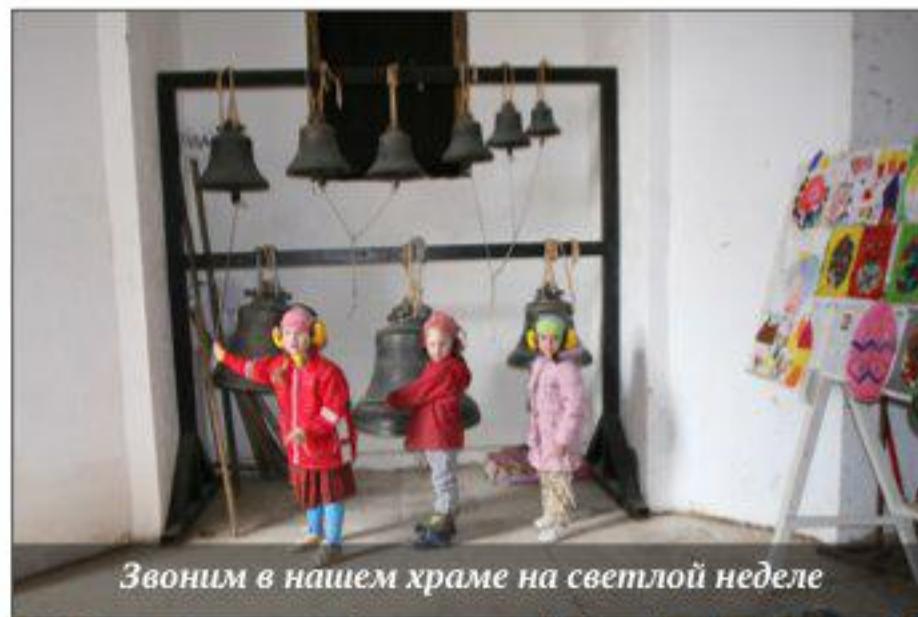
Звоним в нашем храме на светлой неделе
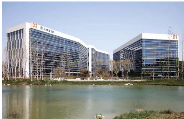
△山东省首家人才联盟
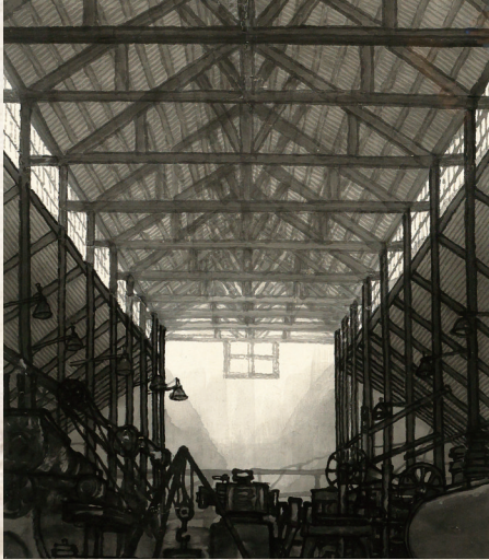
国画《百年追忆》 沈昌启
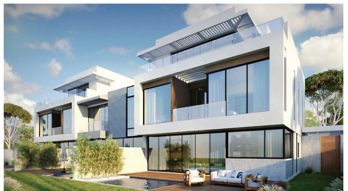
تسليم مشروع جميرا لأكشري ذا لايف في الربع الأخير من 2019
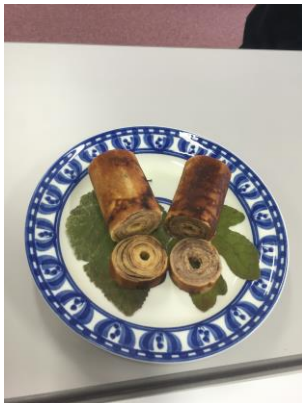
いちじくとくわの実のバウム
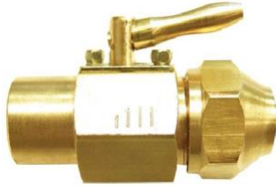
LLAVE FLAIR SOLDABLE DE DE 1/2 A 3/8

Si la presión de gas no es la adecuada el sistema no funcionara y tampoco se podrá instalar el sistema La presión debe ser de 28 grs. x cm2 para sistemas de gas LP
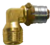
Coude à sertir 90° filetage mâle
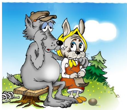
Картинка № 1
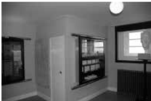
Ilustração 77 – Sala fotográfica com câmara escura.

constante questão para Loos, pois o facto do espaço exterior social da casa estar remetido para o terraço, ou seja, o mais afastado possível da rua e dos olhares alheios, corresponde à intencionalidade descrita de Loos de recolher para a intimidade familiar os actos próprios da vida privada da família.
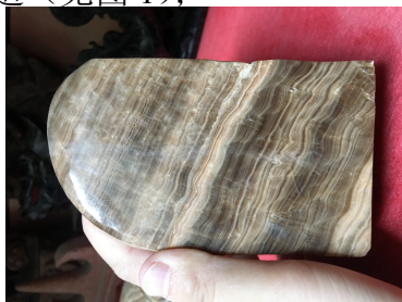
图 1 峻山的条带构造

==

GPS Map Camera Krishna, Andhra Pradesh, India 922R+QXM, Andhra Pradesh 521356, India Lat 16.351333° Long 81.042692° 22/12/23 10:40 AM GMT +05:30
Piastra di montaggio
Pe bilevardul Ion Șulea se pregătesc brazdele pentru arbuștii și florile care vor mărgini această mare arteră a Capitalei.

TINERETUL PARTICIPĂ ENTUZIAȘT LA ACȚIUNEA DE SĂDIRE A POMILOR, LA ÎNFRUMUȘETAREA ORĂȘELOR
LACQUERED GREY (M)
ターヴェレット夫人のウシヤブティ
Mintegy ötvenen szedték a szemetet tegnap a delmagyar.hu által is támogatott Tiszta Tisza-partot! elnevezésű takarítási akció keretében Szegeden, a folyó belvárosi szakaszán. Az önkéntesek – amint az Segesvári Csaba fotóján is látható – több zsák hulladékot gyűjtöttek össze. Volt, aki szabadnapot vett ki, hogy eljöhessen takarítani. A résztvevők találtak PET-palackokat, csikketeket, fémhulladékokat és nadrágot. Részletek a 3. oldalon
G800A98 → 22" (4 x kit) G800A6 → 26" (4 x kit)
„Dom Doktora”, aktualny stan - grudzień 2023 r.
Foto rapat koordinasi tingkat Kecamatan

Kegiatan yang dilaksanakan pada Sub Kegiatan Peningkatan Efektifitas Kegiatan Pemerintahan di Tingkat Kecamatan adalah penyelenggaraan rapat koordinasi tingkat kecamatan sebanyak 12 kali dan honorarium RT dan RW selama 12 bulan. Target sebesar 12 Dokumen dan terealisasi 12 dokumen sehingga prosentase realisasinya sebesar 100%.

* * *

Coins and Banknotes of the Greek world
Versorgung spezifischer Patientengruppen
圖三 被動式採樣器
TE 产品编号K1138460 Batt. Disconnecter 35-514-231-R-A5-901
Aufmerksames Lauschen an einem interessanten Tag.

TASK DETAILS:
From the data above, reproduce word for word the lines running from the line with "Mintegy ötvenen szedték" to the line with "Foto rapat koordinasi tingkat Kecamatan", ends included.

OUTPUT FOR THIS EXERCISE:
Mintegy ötvenen szedték a szemetet tegnap a delmagyar.hu által is támogatott Tiszta Tisza-partot! elnevezésű takarítási akció keretében Szegeden, a folyó belvárosi szakaszán. Az önkéntesek – amint az Segesvári Csaba fotóján is látható – több zsák hulladékot gyűjtöttek össze. Volt, aki szabadnapot vett ki, hogy eljöhessen takarítani. A résztvevők találtak PET-palackokat, csikketeket, fémhulladékokat és nadrágot. Részletek a 3. oldalon
G800A98 → 22" (4 x kit) G800A6 → 26" (4 x kit)
„Dom Doktora”, aktualny stan - grudzień 2023 r.
Foto rapat koordinasi tingkat Kecamatan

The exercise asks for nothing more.